If you have it in your back pocket, and it might vibrate, or you have it on the table where you can see the screen light up, even if you don’t touch it, it could interfere with your productivity.
Take a tech-free break
One study found that workers who took breaks without their phones recharged faster and had less stress returning to work than those who took their phones with them.
If you’re going to take a break, don’t use your phone to catch up with friends or surf Facebook. Take time to refocus and set your eyes on something other than a screen.
Set intentions and create reminders to help you develop willpower and habits. Think through the when, the where, and the why you’re using technology.
Not only does that make you more thoughtful, but it also refuels your well being.
Use data to set goals
I’m a numbers person. Apps that track your behaviors can help you change them.

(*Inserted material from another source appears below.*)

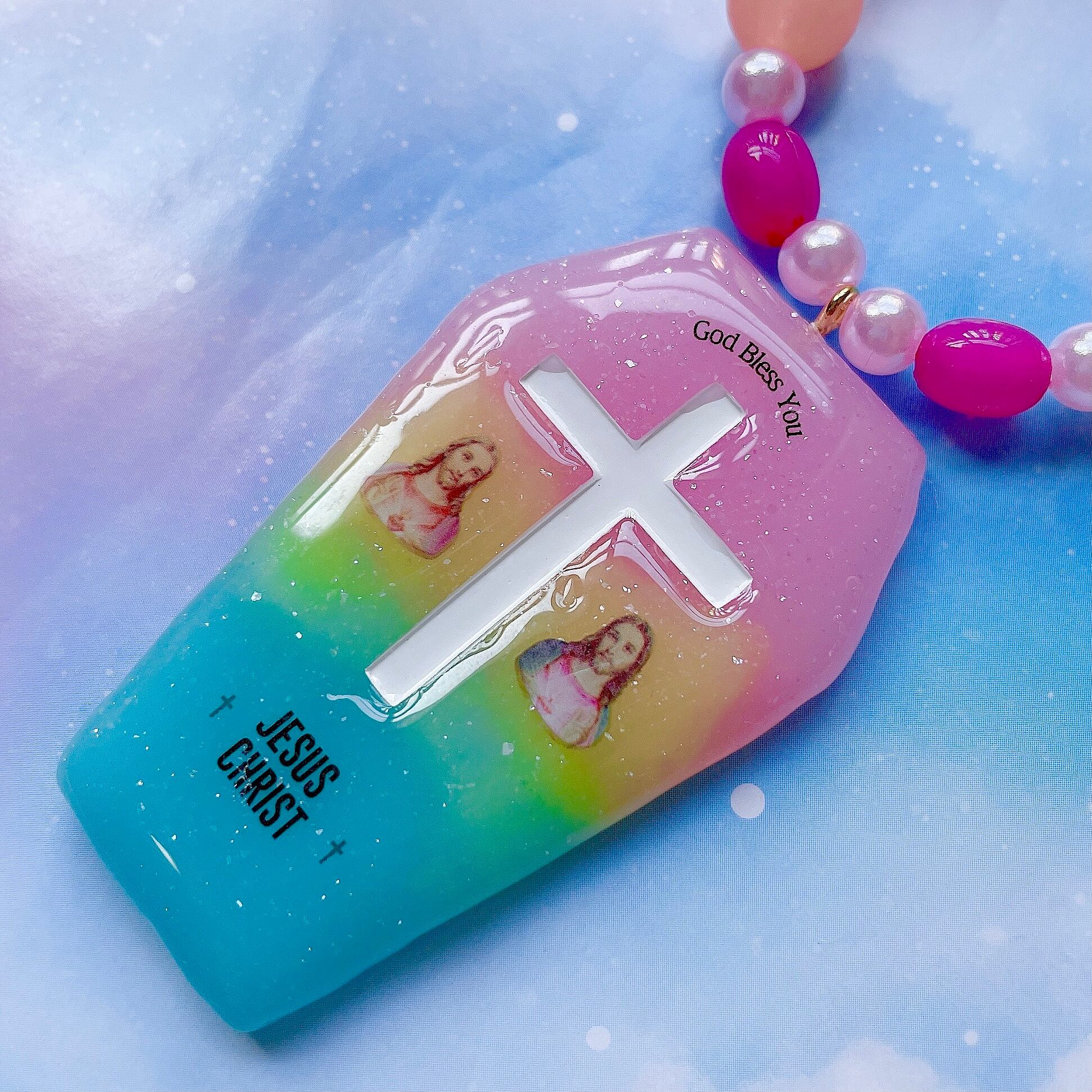 キャンディカラーの棺桶にはキリストの絵柄を施し、蓄光タイプのビーズやジェリービーンズのようなビーズを連ねました。

It’s really helpful to have data to help you figure out what kind of changes you need to make and whether you’re making progress toward your goal.
Create positive habits
Part of why tech is so addictive is that it’s so good at keeping us accountable and drawing us back in. That makes technology great at helping us form habits.
When we’re able to see and understand what’s happening, it illuminates how we might be able to grow. For example, I use technology to track my fitness.
Train your brain
When we hear notifications on our phone, like Pavlov’s dogs, we react. It activates our flight-or-fight response. We feel like there’s a threat coming toward us.

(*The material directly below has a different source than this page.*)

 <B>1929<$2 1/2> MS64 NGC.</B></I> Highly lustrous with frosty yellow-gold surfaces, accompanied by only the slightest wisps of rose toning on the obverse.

Instead of thinking about things that interrupt us as threats, we want to think about them as challenges. We want to train our minds to outsmart technology to get ahead.
Fuel your happiness
How you use technology matters. If you’re using tech to zone out, it needs to go. If you’re using it to tune in and become more thoughtful, it’s amazing.
Technology can also be incredibly powerfully to help us connect with our social support system, which is the greatest predictor of long-term happiness and success.
Prepare for what’s next
Right now, a lot of people worry about smartphone usage because it affects them every day. In the future, we might be more concerned about the Internet of Things.
It’s useful to think two steps down the road.
What’s the trajectory we’re setting ourselves up on? What are we inviting into our lives? What are we helping create?
How does our behavior influence the market that’s emerging?
As told to Kirsten Salyer.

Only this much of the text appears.